Mixing on headphones. Microphone techniques

Mixing on headphones. Microphone techniques






I do not have the opportunity to buy good studio monitors. even if find a passive ones, ensuring of a quality power amplifier for them raises their prices back to the level of active monitors. Can I mix at home of quality headphones that can be purchased at a price several times lower than that of the monitors?


The answer is – no, you can not. Let’s see why.

The financial reason in choosing studio monitors vs. headsets is undoubtedly true – even relatively medium quality nearfield monitors are difficult to buy under € 2000-3000 per pair, while about 250 € we can obtain fairly good headphones.

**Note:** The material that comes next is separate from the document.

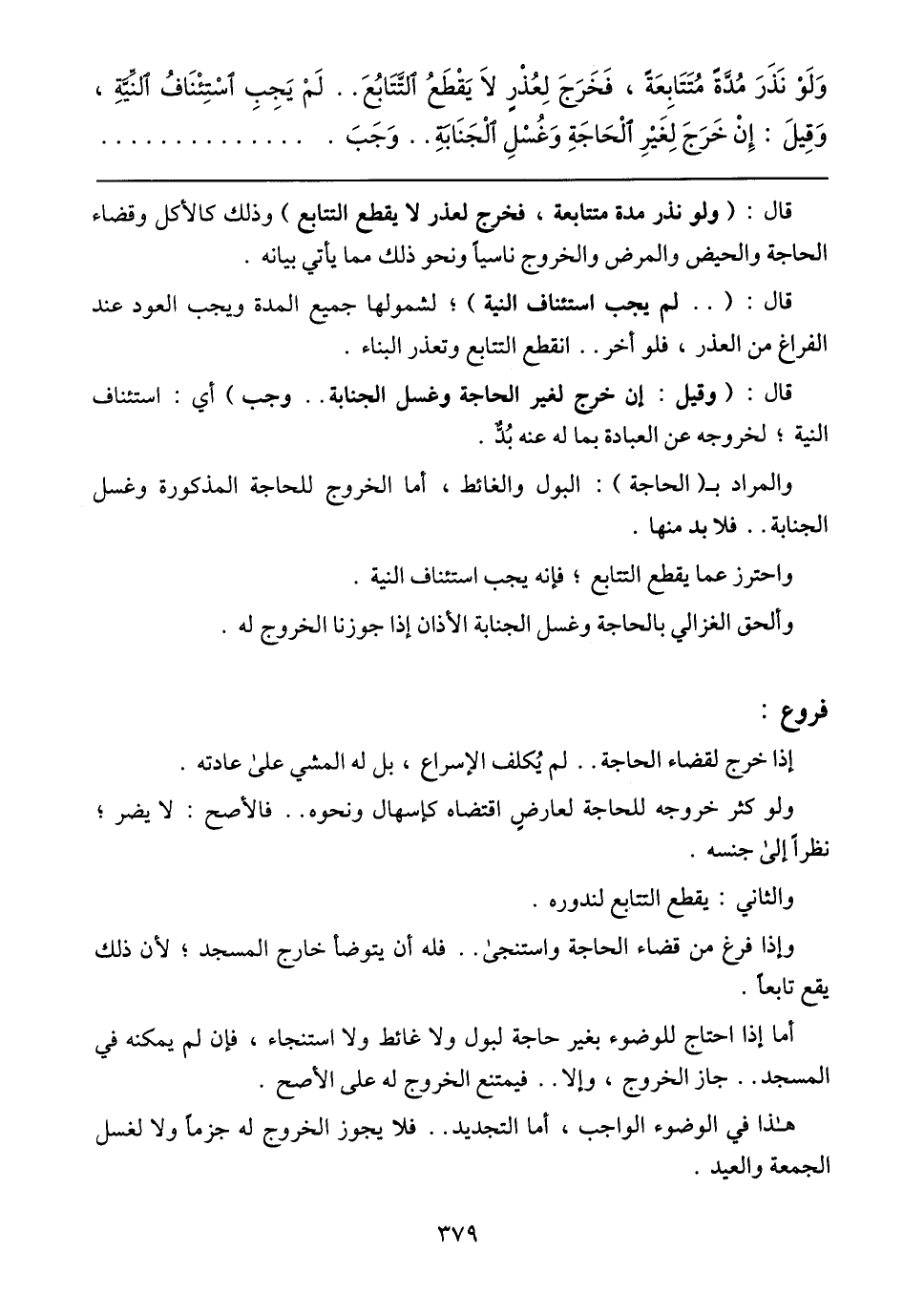 والمراد بـ (الحاجة): البول والغائط، أما الخروج للحاجة المذكورة وغسل الجنابة .. فلا بد منها.

Stereophonic impression is better than in monitors, the closed volume (if any) provides better insulation from the outside world, respectively lower bottom threshold of hearing, as well as a complete lack of problems with neighbors due to high volume, respectively, we also have higher upper threshold of hearing.


These two things together mean a large dynamic range.


The sound is more detailed in most cases. The reason is that the low mass of the speakers   is resulting in lower inertia in the oscillation, respectively in better reproduction of transients sound, which are important for the perception of timbre color and detail.

The frequency response is achieved more easily because of the lack of attenuation of the sound in air and the more precise targeting of the auditory membrane. In most cases the presence of one speaker per channel leads to a lack of phase problems inherent in the two-, three-or more band systems, as well as to the lack of frequency peaks and “holes”, which are typical for these systems.

The monitoring systems have several times higher rate of distortion caused again by the higher mass and inertia of a large speaker and greatly unmanaged processes along its membrane.


However, not only it is not advisable -sound production cannot be mixed on headphones.


Most important of all is the changed balance that you will hear compared to the monitoring system consisting of speakers. The more weak elements of the mix are closer when listening to monitors to the high elements,  although in mixing on a headphones it was not so.

A mix in which the balance is not correct, can hardly be called a mix

Attempts to adapt шге hearing during the mix are meaningless, because in an average complex mix there would be always errors in the balance.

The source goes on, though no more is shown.